Dalam buku “21 Hukum Kepemimpinan Sejati” karangan John C. Maxwell, disebutkan bahwa salah hukum kepemimpinan adalah “HUKUM KEPERCAYAAN” artinya: “Orang percaya dulu kepada sang pemimpin baru kepada visinya”. Jika seseorang tidak mempercayai orangnya maka segala yang dikatakannya tidak akan pernah dipercayai.

Inilah hukum kepemimpinan Yesus, murid-murid harus percaya dulu kepada Yesus, baru kepada visiNya. Bagaimana mungkin mereka bisa menjadi penjala manusia, jika mereka tidak menaruh percaya kepada Yesus. Dengan melihat kuasaNya, murid-murid makin mempercayaiNya.

  1. Membawa murid-murid memasuki dimensi baru dalam pemuridan yaitu dimensi supranatural.

Selain membuat murid-muridNya semakin percaya kepadaNya, tujuan lain yang Tuhan Yesus ingin sampaikan adalah agar murid-murid memasuki dimensi baru dalam pemuridan yaitu dimensi supranatural. Tuhan Yesus tahu bahwa ada banyak tantangan pelayanan yang akan dihadapi murid-murid dalam memberitakan Injil. Untuk menghadapi tantangan-tantangan ini mereka tidak bisa hanya mengandalkan kemampuan manusia saja tetapi dengan kuasa Tuhan. Keberhasilan pelayanan tidak hanya ditentukan dengan pengetahuan dan ketrampilan semata, tetapi dengan kuasa Roh Kudus. Kombinasi antara pengetahuan, ketrampilan dan kuasa Roh Kudus itulah yang diajarkan Tuhan Yesus kepada murid-muridNya.

Mengapa Tuhan Yesus membawa murid-murid memasuki dimensi supranatural.

Karena yang tak terlihat menentukan apa yang terlihat.

Ibrani 11:3

Karena iman kita mengerti, bahwa alam semesta telah dijadikan oleh firman Allah, sehingga apa yang kita lihat telah terjadi dari apa yang tidak dapat kita lihat.

Hal-hal yang tak terlihat menjadi penentu apa yang dilihat. Contohnya adalah bangunan gereja ini.
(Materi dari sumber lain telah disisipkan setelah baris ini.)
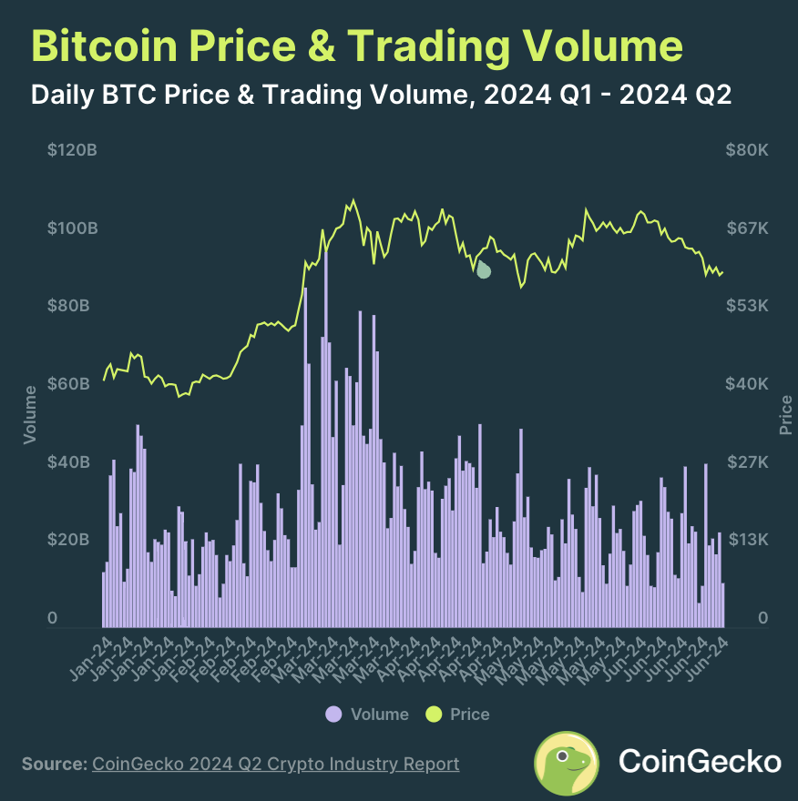 - Bitcoin’s Quarterly Performance: Bitcoin ended Q2 at $62,734, marking an 11.9% decline. After hitting a new high of $73,098 in mid-March, Bitcoin’s value fluctuated between $58,000 and $72,000. The halving event did not significantly impact its price. Bitcoin’s trading volume also dropped, averaging $26.6 billion daily, a 21.6% decrease from the previous quarter.

Gereja ini bisa berdiri megah seperti ini karena ditopang oleh fondasi yang kuat yang tidak terlihat. Semakin dalam fondasi bangunan, semakin tinggi sebuah gedung dapat dibangun. Demikian halnya dengan tanaman. Pohon-pohon yang besar selalu ditentukan oleh akar yang mengakar kuat didalam tanah. Mengapa pohon di pot tidak pernah menjadi besar? Karena akarnya tidak pernah mendalam.

Bagaimana dengan akar kekristenan kita? Pertumbuhan rohani kita ditentukan kedalaman akar kita didalam Kristus. Pastikanlah bahwa akar rohani kita terus menancap kedalam Kristus.
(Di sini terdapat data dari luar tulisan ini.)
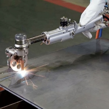 用途ハンディオートⅡは手持ち吹管と自動機の良さを併せ持った手持ち式の半自動式の切断機です。セット内容【ハンディオート】補助車輪・開先車輪・小円コンパス・案内レバー・専用ケース、【本体】切断機本体「ハンディオートⅡ」・ACアダプター付ケーブル(5m)・標準車輪・取扱説明書・ヒューズ・スパナ・火口掃除針・火口 106型#0、1、2全長(mm)500質量(kg)2.7回転数(min-1[r.p.m])1.2~4.2電源AC100 50/60Hz~240V 50/60Hz対応アセチレン切断板厚(mm)5~30駆動方式フリクション駆動走行速度(mm/min)150~530(標準車輪使用時)速度制御モードトランジスタ制御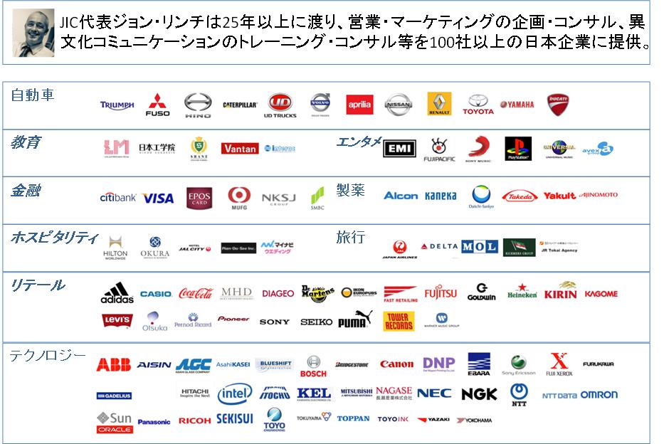 JIC代表ジョン・リンチは25年以上に渡り、営業・マーケティングの企画・コンサル、異文化コミュニケーションのトレーニング・コンサル等を100社以上の日本企業に提供。

Dalam alkitab ada contoh-contoh nyata bahwa yang tak terlihat menentukan apa yang terlihat. Kejadian-kejadian di alam natural ditentukan oleh apa yang terjadi di alam supranatural. Yang transenden dan imanen menentukan yang terjadi dialam natural dan manusiawi.
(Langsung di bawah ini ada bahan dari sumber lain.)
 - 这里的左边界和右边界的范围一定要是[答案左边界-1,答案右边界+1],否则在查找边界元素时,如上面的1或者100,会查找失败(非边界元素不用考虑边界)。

  • Peperangan antara Israel dan Amalek (Keluaran 17 : 8-16)

Keluaran 17:11 

Dan terjadilah, apabila Musa mengangkat tangannya, lebih kuatlah Israel, tetapi apabila ia menurunkan tangannya, lebih kuatlah Amalek.

 

Dari kisah ini kita melihat penentu kemenangan bukanlah banyaknya pasukan yang berperang, canggihnya senjata yang dimiliki, atau hebatnya pahlawan perang tetapi kemenangan ditentukan oleh Musa, Yosua dan Hur yang naik ke atas bukit untuk berdoa kepada Tuhan.

 

  • Peperangan Daud melawan Goliat.

1Samuel 17:45 

Tetapi Daud berkata kepada orang Filistin itu: “Engkau mendatangi aku dengan pedang dan tombak dan lembing, tetapi aku mendatangi engkau dengan nama TUHAN semesta alam, Allah segala barisan Israel yang kautantang itu.

 

Mata orang Israel melihat Goliat yang di hadapan mereka, akibatnya mereka mengalami ketakutan. Tetapi Daud memandang Tuhan yang tidak terlihat, itulah sebabnya dengan gagah berani Daud maju membunuh Goliat. Yang tak terlihat menentukan yang terlihat. Apa yang terjadi didalam diri kita akan menentukan apa yang terjadi diluar kita.

Amsal 24:10 

Jika engkau tawar hati pada masa kesesakan, kecillah kekuatanmu.

2Korintus 4:16 

Sebab itu kami tidak tawar hati, tetapi meskipun manusia lahiriah kami semakin merosot, namun manusia batiniah kami dibaharui dari sehari ke sehari.

Penutup

Sebagai murid Tuhan, ada banyak tantangan kehidupan yang akan kita hadapi, baik dalam pekerjaan maupun dalam pelayanan. Marilah kita jalani kehidupan ini bukan hanya dengan mata jasmaniah kita tetapi dengan mata iman, sebagaimana yang dilakukan oleh rasul Paulus dalam 2 Korintus 5:7 – sebab hidup kami ini adalah hidup karena percaya, bukan karena melihat.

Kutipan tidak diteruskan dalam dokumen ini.